Dès lors, il s’était lui-même rebaptisé Firmin. Le verlan pour infirme. Il était typiquement le
gamin malchanceux qui avait tout pris à la rigolade pour tenir le coup. Dans son village, tout
le monde le trouvait hilarant, et on le prenait souvent comme exemple de la joie de vivre.
Enfin un qui ne passe pas son temps à pleurer sur son sort… Et enfin une bonne raison pour
les gens bien portants de se sentir mieux dans leurs pompes. Pour vaincre la pitié des autres
et sa propre tristesse, Firmin avait redoublé d’énergie et d’humour, prenant tout son
entourage au dépourvu. Même les psys n’ont pas insisté. Et pourtant, il fallait bien qu’il lâche
du lest de temps en temps, il fallait bien qu’il exprime sa colère lorsqu’il se demandait
pourquoi il ne pouvait grimper aux arbres avec les autres enfants, pourquoi lui ne pouvait
atteindre les cimes miraculeuses où s’échangeaient secrets et baisers furtifs… La vierge
Marie sur le buffet ne répondait jamais. Alors, lorsque les nerfs du petit Firmin craquaient,
c’était pour sa mère. Pourquoi l’avait-elle fait comme ça ? Pourquoi n’avait-elle plus de mari
pour payer le docteur ? Et surtout, pourquoi racontait-on qu’elle s’était laissé tabasser par le
père pendant sa grossesse ? Toujours joyeux à l’école et au village, il était souvent d’humeur
noire quand il rentrait chez lui. Et c’était celle qui lui donnait le plus qui en recevait le moins.

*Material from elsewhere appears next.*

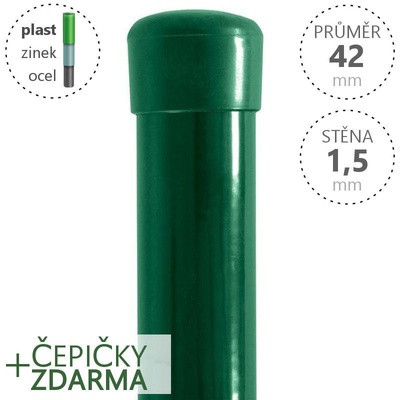 Plotový sloupek Damiplast, barva RAL 6005 (zelená), povrchová úprava Zn + PVC, průměr 42 mm, síla stěny 1,5 mm / s poplastem 2,0 mm, včetně čepičky. Výška dle...

« Tu vois, c’est pour ça que je t’en parle… Un peu brutalement. Tu sais, un fautif, on en
trouve toujours, mais ça ne sert pas à grand chose. Une alliée comme ta mère, tu n’en
trouveras pas deux, et c’est ça qui te fera tenir le coup. Tu vois ? »
Je n’ai rien dit mais j’ai commencé à y réfléchir. Je n’étais pas convaincu de l’inutilité
d’un coupable, mais je comprenais ce qu’il voulait me dire. Firmin avait senti la rancœur
derrière mes mots. Du haut de ses dix ans d’infirmité, il savait mieux que moi la relation que
j’avais pu instaurer avec ma mère. Il devinait les mots durs qu’on ne retire pas, les regards
fuyants, les mercis qui n’arrivent jamais, les affronts cruels qui touchent en plein cœur. C’est
tellement facile de faire souffrir une mère ! Lui jeter ses erreurs en pleine figure est à
proprement parler un jeu d’enfant ! Moi-même je sais bien que, avec ou sans moi, Maman
passera toujours son temps à se reprocher ce qui ne va pas chez moi, au lieu de se
demander ce qu’elle a pu m’apporter durant vingt longues années…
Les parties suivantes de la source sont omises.